The fact I have recordings of this concerto by Heifetz, Faust, Menuhin, Kennedy and Schneiderhan, and enjoy them all, each one bringing out different facets of this marvellous work, surely shows how great Beethoven's masterpiece is. Or am I just being capricious?


----------



## DavidA

I think the above discussion itself shows just how much comes down to personal taste, given the general excellence of the technical standard of playing on recordings these days. Of course, there is no reason why we shouldn't be able to enjoy artists of very different temperaments with divergent styles of interpretation.
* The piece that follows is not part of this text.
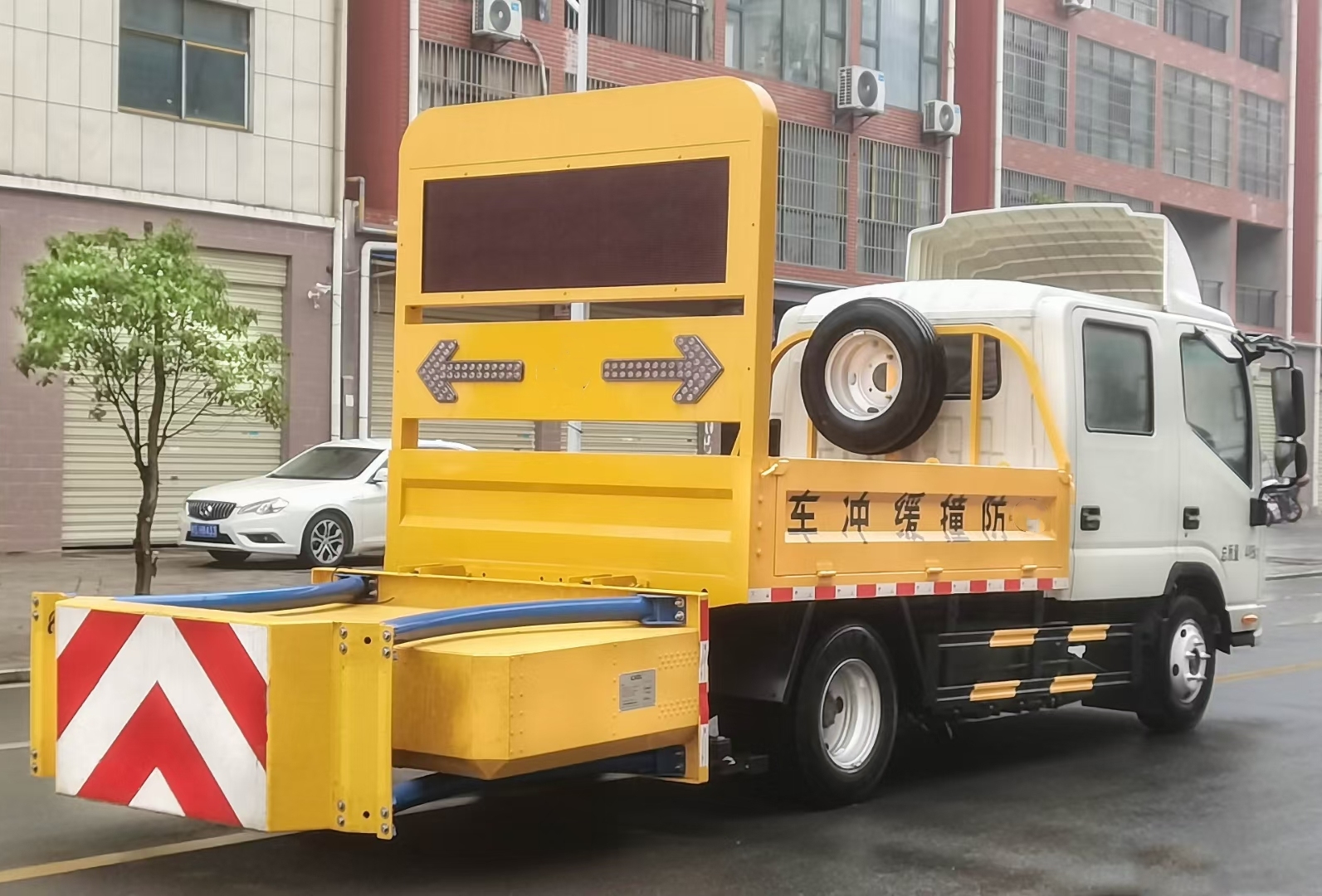 上裝采用Q235國標邊3mm底板花紋板4mm厚,箱體后部防撞緩沖模塊包采用國際知名技術產品70K防撞緩沖模塊,防撞緩沖吸能模塊主要由車載防撞緩沖墊和導向標志架組成,可充當施工作業(yè)車輛后方的緩沖衛(wèi)士。

I always resist the point in programs like CD review (BBC radio) where the critic has to make one choice out of sometimes literally hundreds. At the end of the day, given the aforementioned criteria, almost everything comes down to personal taste.


----------



## Ingélou

moody said:


> You mean like there is an Easter bunny?


Yes, there is an Easter Bunny, the personification of joy in the natural world.

William Blake speaks of Innocence, Experience, and Higher Innocence. I choose the Higher Innocence.


----------



## moody

Ingenue said:


> Yes, there is an Easter Bunny, the personification of joy in the natural world.
> 
> William Blake speaks of Innocence, Experience, and Higher Innocence. I choose the Higher Innocence.


You can't imagine how happy I feel for you.


----------



## Ingélou

Another story from Max Jaffa's biog, for a bit of cheer (touch of the Easter Bunny?):

Every year he and his ensemble were the guests of a co-operative society in the North of England. They were put up in style & the members took the concert very seriously. One trip, though, Max found that he'd forgotten to pack the trouser part of his evening suit, and even though he had the pick of the Co-op's clothing store, he could find none to fit. So they decided that everyone in the ensemble would match Max, the leader, by performing in ordinary day suits.

The lady president of the Co-op Society said she'd like to explain to the audience why Max's orchestra wasn't in its usual sartorial splendour. She went out in front of the orchestra, and before Max's walk-on, and said, 'You may wonder why the orchestra are all wearing day suits. Well, you see, it's because Mr Jaffa had a little accident with his trousers...'

The whole hall erupted, and Max Jaffa wrote that walking on after this introduction was the hardest thing he'd ever had to do.


----------



## millionrainbows

I remember when the shocking news was revealed to me in the second grade: "There ain't no Easter bunny; it's your parents, man. Here, take a hit off this joint."


----------



## Ingélou

Well, to be honest, I never heard of the Easter Bunny while I was growing up. It's an American habit really. Still, any excuse for a celebration!


----------



## millionrainbows

The Easter bunny is a symbol of fertility, as is the egg; symbols of life's regeneration. Hooray! Spring is here!


----------



## JCarmel

It might be where you are, millionrainbows...but it ain't arrived yet where I am. It's Freezing..with snow forecast as a definite possibility for Easter Sunday!


----------



## Guest

moody said:


> I think his general reputation as cold and superficial speaks for itself--or did you think that I invented it ?
> *Also anybody who admires his Beethoven concerto recording presumably considers everyone else to be wrong.*
> But I really can't be bothered to argue this is an individual choice thing ,just get on with it.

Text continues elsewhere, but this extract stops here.